Faced with the immeasurable pain of Normand Chaurette, the publisher Pierre Filion offered him in the weeks following the death of Marie-Claire Blais, in 2021, to write a tomb, this eulogy in honor of a deceased person. On August 27, 2022, four days before his own unexpected departure, the author of What dies last submitted a second and final version of his tribute to the one who will have been for him a tutelary figure. “Rarely has a declaration of debt taken the form of such a powerful song,” says Nancy Huston.

Lemeac (March 22)

Heroines and tombsDaniel Grenier

Heroines and tombs

Heroines and tombs

After his test The Constellations (2020), Daniel Grenier reinvests fiction with Heroines and tombsan adventure novel in which a journalist leaves for Brazil in the footsteps of the writer Ambrose Bierce, to whom we owe a Devil’s Dictionary, and which would have been shot more than a hundred years ago. Continuing his exploration of the American continent, the author of The longest year also wonders about a concern dear to our present, that of the responsibility incumbent on those who tell the stories of others.

Heliotrope (March 22)

FormattingMikella Nicol



Following a devastating breakup, the narrator of Formatting double-locks himself in his room and engages in a frenzied practice of fitness, but, against all expectations (or not), “the promises of the influencers do not help him to feel better”. Somewhere between autobiographical narrative and essay, the third book by Mikella Nicol, one of the most insightful writers of her generation, continues to shed light on what, in the intimate and on the street, constrains the freedom of women. .
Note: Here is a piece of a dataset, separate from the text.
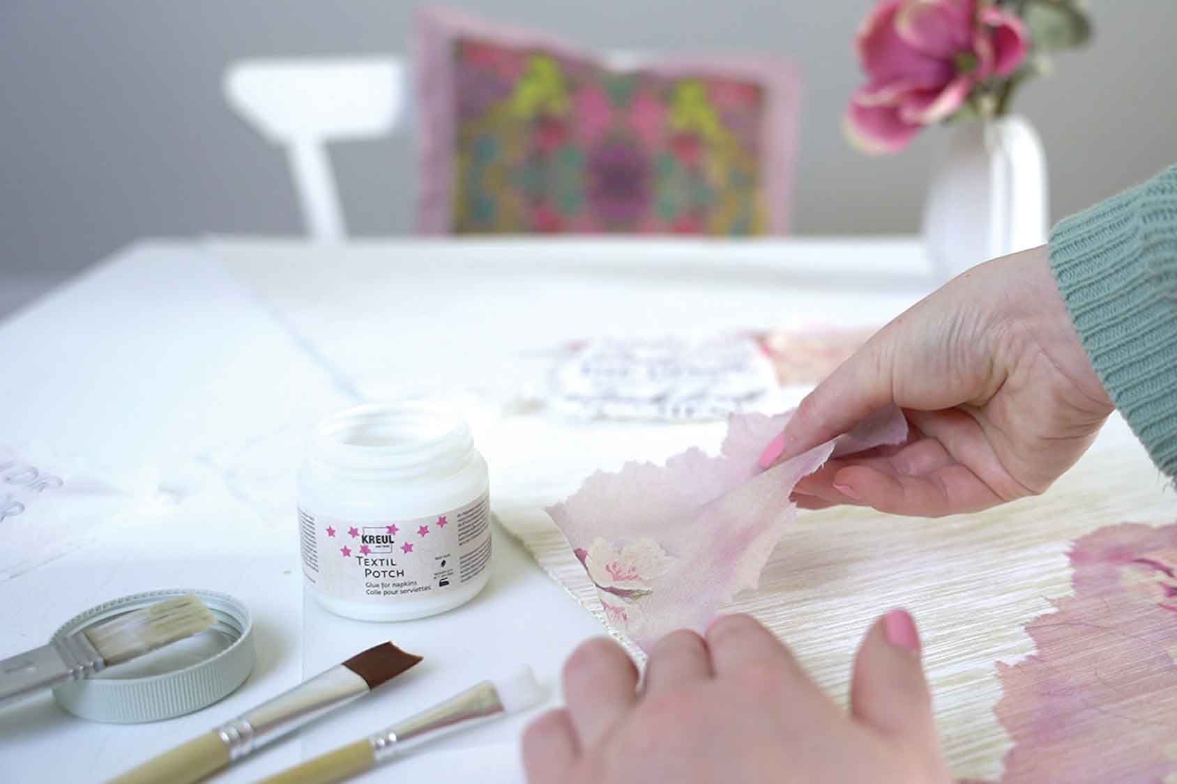 - So geht’s: Potch auf die Stofffläche satt auftragen. Oberste, bedruckte Serviettenlage auflegen, glatt streichen und überlackieren. Nach einer Trockenzeit von ca. 24 Stunden im Backofen 8 Minuten bei 150 °C fixieren. Alternativ durch linksseitiges Bügeln mind. 5 Minuten fixieren

The August Horse (March 28)

I will travel around the worldAlexandra Szacka

I will travel around the world

I will travel around the world

Journalists do not only tell the world, they always tell themselves, thinks Alexandra Szacka, who does not tell herself a little in this story intertwining the personal journey of a teenager who had to leave Poland at the age of 16 years and that, professional, of one of the correspondents abroad having the most marked Radio-Canada. She comes back in I will travel around the world behind-the-scenes coverage of some major events of our time and catches up with some of the main characters from his most memorable stories.

Boreal (March 28)

GalumpfMarie-Helene Poitras



Marie Hélène Poitras the novelist has not been idle in recent years, she who published in 2021 The desire and in 2022 Suddenly the Minotaur, a new version of his implacable first book. Its faithful readers have longed for a long time to reconnect with Marie Hélène Poitras the short story, the one revealed in 2005 Mignonne’s death and other stories. It will soon be done thanks to Galumpfa collection “at the intersection of wounds, desire, selfishness and caring, the exact and difficult place where the act of empathy takes shape”.

Viola (April 11)

Granby in the past simpleAkim Gagnon

Granby in the past simple

Granby in the past simple

A sort of prequel to his explosive first novel, Granby in the past simple sets its scene in the heart of the mobile home in which Akim Gagnon grew up alongside his father (the endearing Pop, big fan of KISS, whom we have already fallen in love with through The cigar at the edge of the lips) and his brother, Carl-Camille. A tender and fragrant portrait of “ordinary poverty in the region”, this foray into the Princess of the Townships also tells of the refuge that a teenager will find in the theatre, the cinema and the viewfinder of his camera.